Soccer is a popular hobby in Chile besides the well-known asado. It was the Chilean real estate market that received a yellow card most recently, not the well-known Universidad de Chile or Colo-Colo squads.
Chilean Central Bank President Rodrigo Vergara told the Senate that price increases that began earlier this year had expanded and intensified. A real estate bubble hasn't formed, but despite this, the Central Bank has grown increasingly concerned about the sector and its potential impact on the financial sector due to growing indebtedness among real estate companies, increased credit availability, a potential for real estate investment in the medium term, and other factors. LTV ratios have reportedly grown from 79% in July 2011 to 86% in July 2012, even though the percentage of bank credit portfolios with delinquent loans has dropped. cheap rental cars


There's a lot of discussion about whether or not the real estate market is too hot. According to other participants in the real estate business, Chile's ongoing economic expansion and rising land costs are mostly to blame for the country's rapid price hikes. Financier Felipe Larrain of Chile's Ministry of Finance asserted that the country's rapid price hikes were mostly driven by rising purchasing power and disposable income due to Chile's sustained economic growth and rising land costs. Many other real estate market participants agreed. The GDP of Chile is predicted to grow by 5.5% in 2012. Speculative real estate investment, lending volumes as a percentage of GDP, and banking credit procedures have all remained conservative, according to industry participants.
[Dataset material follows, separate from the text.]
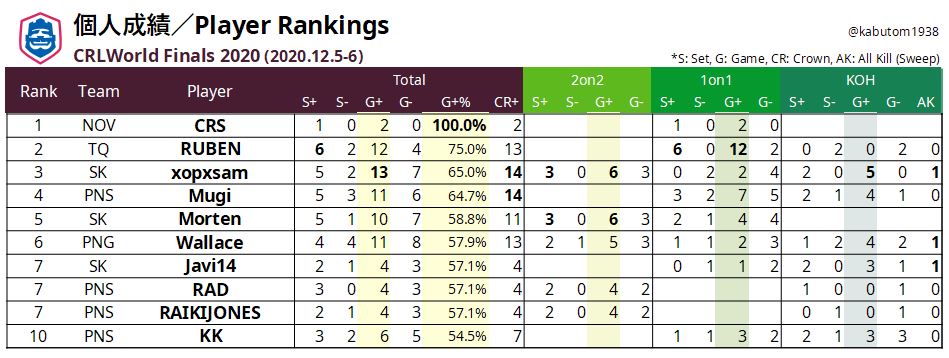 1v1セット無敗(6W0L)のRuben選手に、Ruben選手以外にはほぼ負けなかったMugi選手、2v2セット無敗(3W0L)のSKペアに、paiN快進撃の立役者Wallace選手。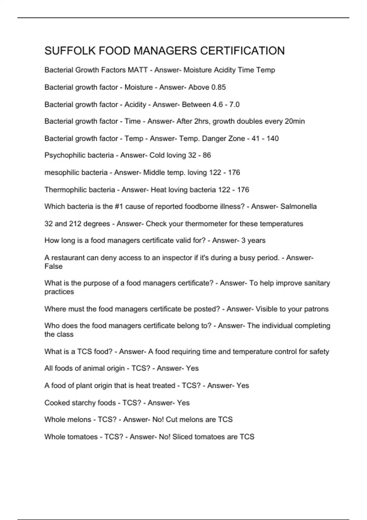 Bacterial Growth Factors MATT - Answer- Moisture Acidity Time Temp Bacterial growth factor - Moisture - Answer- Above 0.85 Bacterial growth factor - Acidity - Answer- Between 4.6 - 7.0 Bacterial growth factor - Time - Answer- After 2hrs, growth doubles every 20min Bacterial growth factor - Temp - Answer- Temp. Danger Zone - 41 - 140 Psychophilic bacteria - Answer- Cold loving 32 - 86 mesophilic bacteria - Answer- Middle temp. loving 122 - 176 Thermophilic bacteria - Answer- Heat loving bacteria 122 - 176 Which bacteria is the #1 cause of reported foodborne illness? - Answer- Salmonella 32 and 212 degrees - Answer- Check your thermometer for these temperatures How long is a food managers certificate valid for? - Answer- 3 years A restaurant can deny access to an inspector if it's during a busy period. - Answer- False What is the purpose of a food managers certificate? - Answer- To help improve sanitary practices Where must the food managers certificate be posted? - Answer- Visible to your patrons Who does the food managers certificate belong to? - Answer- The individual completing the class What is a TCS food? - Answer- A food requiring time and temperature control for safety All foods of animal origin - TCS? - Answer- Yes A food of plant origin that is heat treated - TCS? - Answer- Yes Cooked starchy foods - TCS? - Answer- Yes Whole melons - TCS? - Answer- No! Cut melons are TCS Whole

Since the macroeconomic profile of the country has improved to a degree that has never before been seen, potential demand for Chile's core exports continues to grow, the middle class expands, and inflation remains largely under control, making it difficult to assess the country's real estate sector risk. This new qualitative and quantitative growth landscape in Chile's economy makes it difficult to set long-term price and debt targets that are both attainable.
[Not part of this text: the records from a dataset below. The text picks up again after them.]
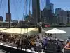 Went for lunch here on Saturday around 1 pm with my brother Gene and my dog Fiona. We got a table right away, and ordered a bottle of Rose. The views of the Statute of Liberty and New Jersey skyline were quite stunning. Also, enjoyed viewing a sailboat race happening. The wait staff were wonderful, and we ordered oysters, lobster rolls and an order of truffle infused French fries. Most attractive group of people, got more crowded as day wore on. Everything we ordered was delicious, topping our lunch off with a shared chocolate mousse. Truly a sublime time was had by all (including Fiona who ate many fries) So much fun to be aboard a sailboat on a beautiful day without leaving town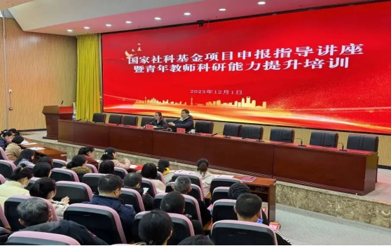 为深入贯彻党的二十大精神,精准落实“科教兴国战略,强化现代化建设人才支撑”,凝心聚力助推学校高质量发展。12月1日上午,国家社科基金项目申报指导讲座暨青年教师科研能力提升培训会在行政楼9楼会议室如期举办,科研处处长陈舒主持会议。学校学术带头人、中青年科研骨干、副高级职称以上教师、博士以及青年教师参加会议。特邀贵州大学副教授、硕士生导师、国家社科基金项目主持人张波担任主讲嘉宾。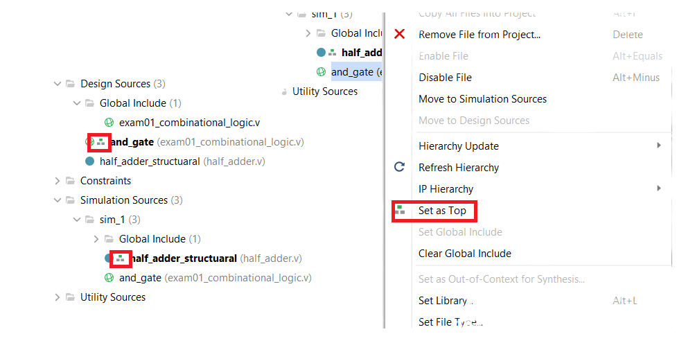 상위 파일을 설정해준다. _ Simulation은 top source를 기준으로 실행된다.

In the event of a downturn, credit-financed speculation will be less of a threat to the sector than the potential of an economic downturn. The mining boom, spurred in part by imports from China, has accounted for a substantial proportion of the residential sector's rise even as Chile's economy has continued to diversify. If Chinese demand declines and energy and labor expenses rise, mining companies' profit margins could be wiped out, resulting in mass layoffs, especially in northern Chile, where the mining industry is highly dependent.
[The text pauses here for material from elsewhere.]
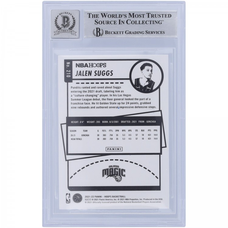 Jalen Suggs Orlando Magic Autographed 2021-22 Panini NBA Hoops #210 Beckett Fanatics Witnessed Authenticated 10 Rookie Card with Go Magic Inscription

Despite its low debt levels, Chile's financial industry lacks a well-developed secondary lending market. Overall debt levels have been kept low, but banks' capacity to structure and disperse credit risk has been limited. A rise in the level of bank or systemic financial risk means that banks are more likely to stop lending, causing liquidity levels to fall more rapidly. This could further worsen the effects of a prospective economic slump by further reducing the availability of affordable housing.